Common sense, really. Although some people seem to have more trouble with common sense than others, so spelling it out probably doesn't hurt. ;D
-
Well it seems all my efforts to protect my data were in vein. Today in the mail I found out some scum bag collection company that had a years old 50.00$ medical bill I didn't even know I had. had all my info stolen. Info including social security their data was breached as determined by "an independent third party compliance firm". I can't stand these companies that pay fractions of a cent on the dollar for old debt then ruin your credit even after you or your insurance paid it. Since this is ambiguous I am thinking a $4999.99 small claims law suite against them where it will cost them more to fly out a lawyer to my state then just pay the amount. I have done about 10 small claims and they are ridiculously easy to win if you put a few hours into typing up the 12pt times new roman double spaced paper work.

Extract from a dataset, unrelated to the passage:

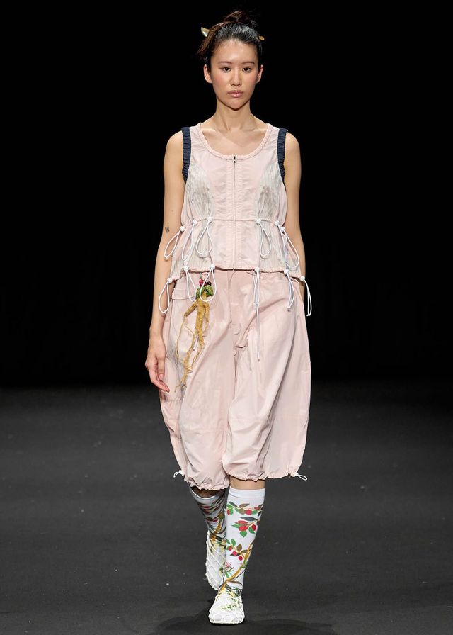 새 시즌 컬렉션 테마 ‘The Healing Lineage’는 라쿠텐 패션 위크 도쿄에서 공개되며, 고대 동양 철학과 현대적 웰니스를 세련되게 결합한 무대로 주목받았다. 전통 한의학에서 착안한 이번 컬렉션은 기(氣)의 균형과 경락의 흐름 같은 개념을 조형적인 실루엣과 컵핑에서 영감을 얻은 엠보싱 텍스처로 풀어냈다. 천연 섬유와 오행에서 차용한 색 조합은 기능성과 감각적인 아름다움을 동시에 부여하며, 피로에 지친 현대인을 고려한 아이템들은 옷을 입는 행위 자체가 하나의 작은 치유 의식이 되도록 했다.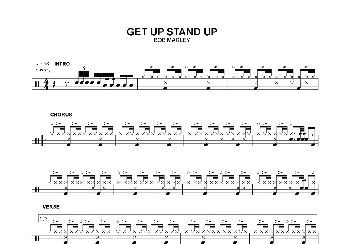 《get up stand up》是bob marley演唱的一首歌曲,这份鼓谱共有一张高清图谱,图谱由 @打鼓谱 编配上传,图谱使用五线谱编配,使用这份get up stand up架子鼓谱,你将能够轻松地敲打出这首bob marley的get up stand up,快来尝试吧。歌名:Get Up, Stand Up 所属专辑:Africa Unite- The Singles Collection 时长:3:14 歌手:Bob Marley 歌词: Get up, stand up: stand up for your rights! 。

Sick of these companies. The letter outlines a free credit report with 24 months of credit monitoring! Wow they certainly are making this right considering having your identity stolen will cost you thousands and over a hundred hours of phone calls and letters in a BEST CASE scenario. I know they sold my phone number from the dates and times they got my info. More then likely they were being cheap with the security of their site, after all paying extra for proper security doesn't benefit them in the remote chance this will happen..
-
Without commenting on this specific case, that's why you don't want your data to roam freely and in innumerable databases. If there is no data it can't get leaked.
-
Even if some company doesn't collect your data the government does (and they can tap your connection wherever they find most convenient). There is no way to avoid it except legislation and people have voted again and again for more mass surveillance so not sure there is much one can do about it.
-
Aren't you still just using a single secret across all websites?